When you say cheap, what is your budget?


----------



## instinct (Apr 29, 2009)

Sorry, I should have been more specific. I was more or less just looking for sites that sell them. Haha, my budget is more dependent on how good of a deal it is. I'm looking to spend ~$50


----------



## proud2deviate (Apr 29, 2009)

I just ordered from LED Shoppe today. There's a thread going on LPF, and it looks like they've been getting rave reviews on customer service and support. Their products are supposed to be pretty decent, considering that they're mass produced and shipped from Hong Kong.
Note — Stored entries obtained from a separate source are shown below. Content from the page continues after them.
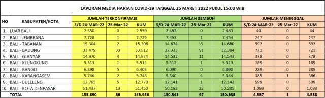 Update Kasus Covid 19 Bali, 25 Maret 2022. Kasus Sembuh 97 & Kasus baru 66 Orang
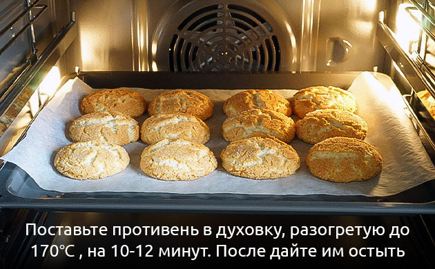 • Разложите шарики из теста на противне, застеленном пергаментной бумагой, а сверху придавите их дном стакана или ладонью.
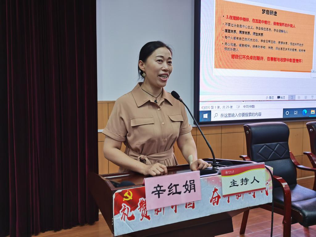 召开2021级研究生新生入学教育,学院副院长辛红娟、学工办辅导员、研究生班主任及全体2021级研究生参加会议。
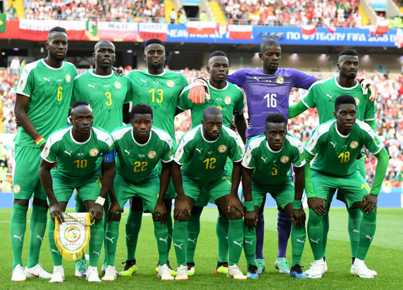 セネガル代表はアウェイキット。上から「緑-緑-緑」を着用。
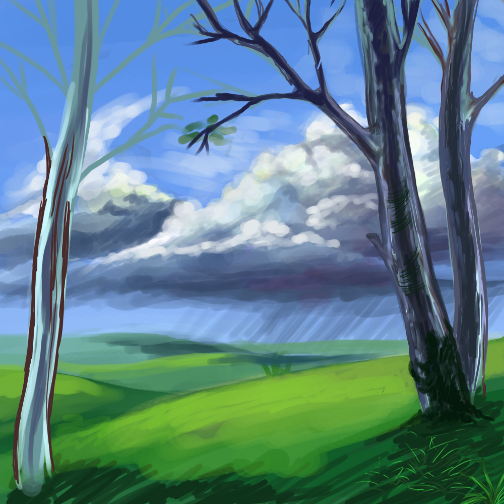 Рисунок классный, цвета яркие, но не резкие - свежие, я бы сказал. Ну вот словно этот дождь, что вдалеке, он уже успел пройти тут и умыть траву и вьюн на дереве.
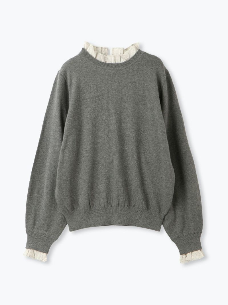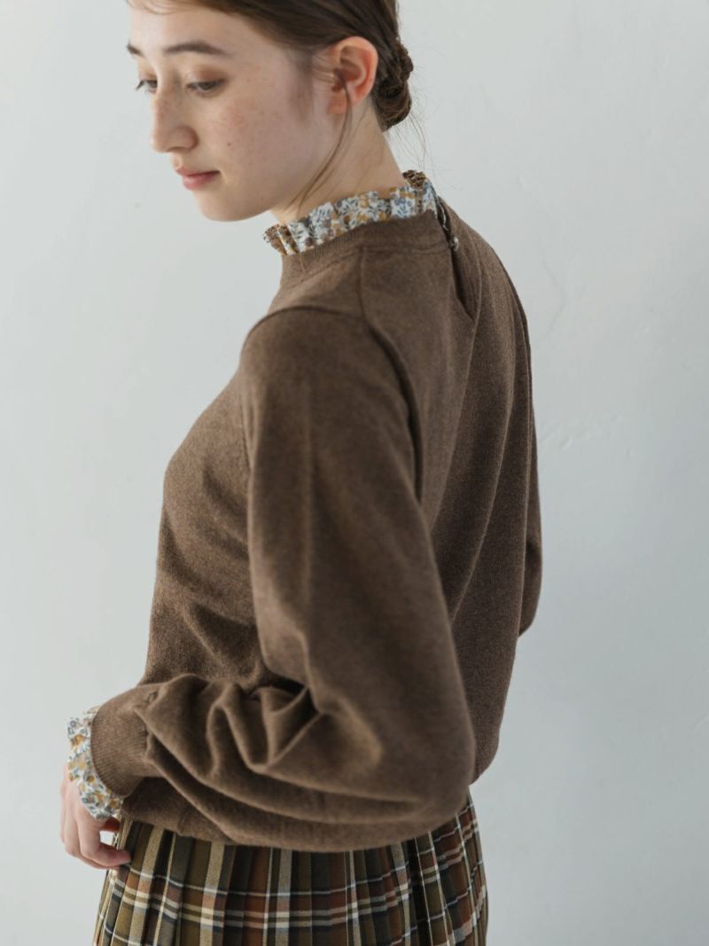 重ねたように衿周りと袖口にフリルをドッキングしました。
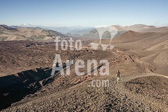 ibxsse10518248 Young woman walking through lava fields, Crater Navidad, Lonquimay volcano, Malalcahuello National Reserve, Curacautin, Araucania, Chile, South America
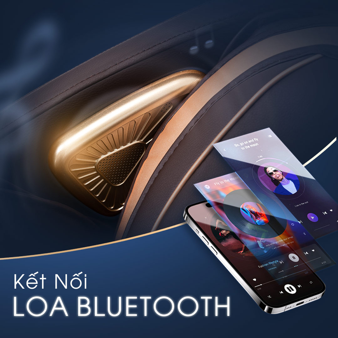 Không chỉ là thiết bị hỗ trợ chăm sóc sức khỏe, thiết bị này còn giúp bạn thư giãn đỉnh cao với hệ thống kết nối loa bluetooth hiện đại, cho phép người dùng vừa nằm ghế vừa nghe bất kỳ âm thanh yêu thích nào.
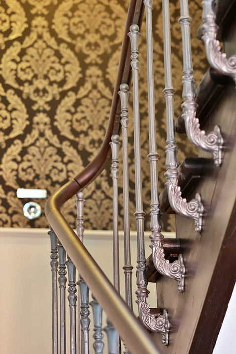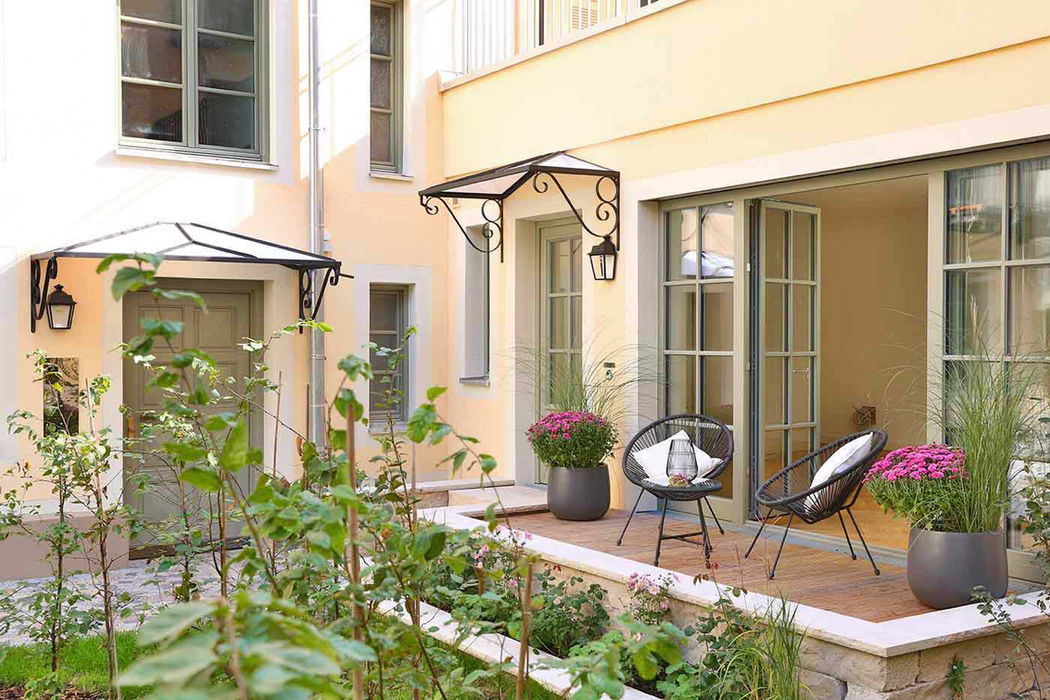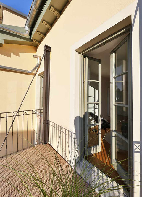 Im Stadtpalais neue Hofbalkone mit stilvollen Geländern und Lärchenholzbelag

I'll post my own review once my laser gets here (probably about 2 weeks.)


Link to thread.


----------



## csshih (Apr 29, 2009)

yep.. I'm was going to suggest them.. though I've haven't had the chance to get one.. money...


----------



## mattmagic100 (Nov 18, 2009)

ya i wouldve suggested LED shoppe also. there 50mw laser for $25 is actually reallllyy good. it pops balloons and does light matches. im not a huge pen laser fan, but im happy i bought it.


----------



## Justintoxicated (Nov 18, 2009)

instinct said:


> Hey, Wow, this site has changed a lot since I was last here. I was wondering what current sites have laser pointers for cheap. The last I remember DealExtreme wasn't shipping to the US anymore, and it doesn't look like Kai Domain are anymore as well. I was also looking for another Kaleidoscope laser, my old one is done with
> 
> 
> Help me!



They wont ship a 5mw to the US? Is that only for green pointers?


----------



## gorn (Apr 25, 2010)

Yeah I know this post is a year old. But if you a want to find some good deals then watch the "deal of the day" type sights. I just picked up a nice 30mw violet pointer for $19.99 the other day.


----------



## HobbyLaser (Apr 27, 2010)

I smell *SPAM!* :thumbsdow

The above posts [*PREVIOUSLY* #x & #y - spam posts now *DELETED* by mod - thanks! :thumbsup:] looked a bit suspicious, so I did a little checking. And the more I looked, the worse the SPAM stench got! :sick2:

Virtually every post by user boyankir is link-spam!

For instance -

[NOTE - Spam posts in next 3 links now deleted by mod]
Repetitively spamming the same thread with duplicate content (Posts #21 & #28) -
https://www.candlepowerforums.com/threads/237303

Spamming a positive review of another company's product - with promotional advertising images even! -
https://www.candlepowerforums.com/threads/168602

Even criticizing / link spamming another member's "For Sale" thread! -
https://www.candlepowerforums.com/threads/231520

:tsk:

While I was at first a bit perplexed by his link-spamming for multiple sites, it turns-out that all the sites that he was spamvertising are related and inter-linked together! He keeps rotating which of these inter-linked spamming laser sites he claims to recommend and/or to have purchased from, depending on which thread you read - but each time, he always links to one of this same group of "alias" sites.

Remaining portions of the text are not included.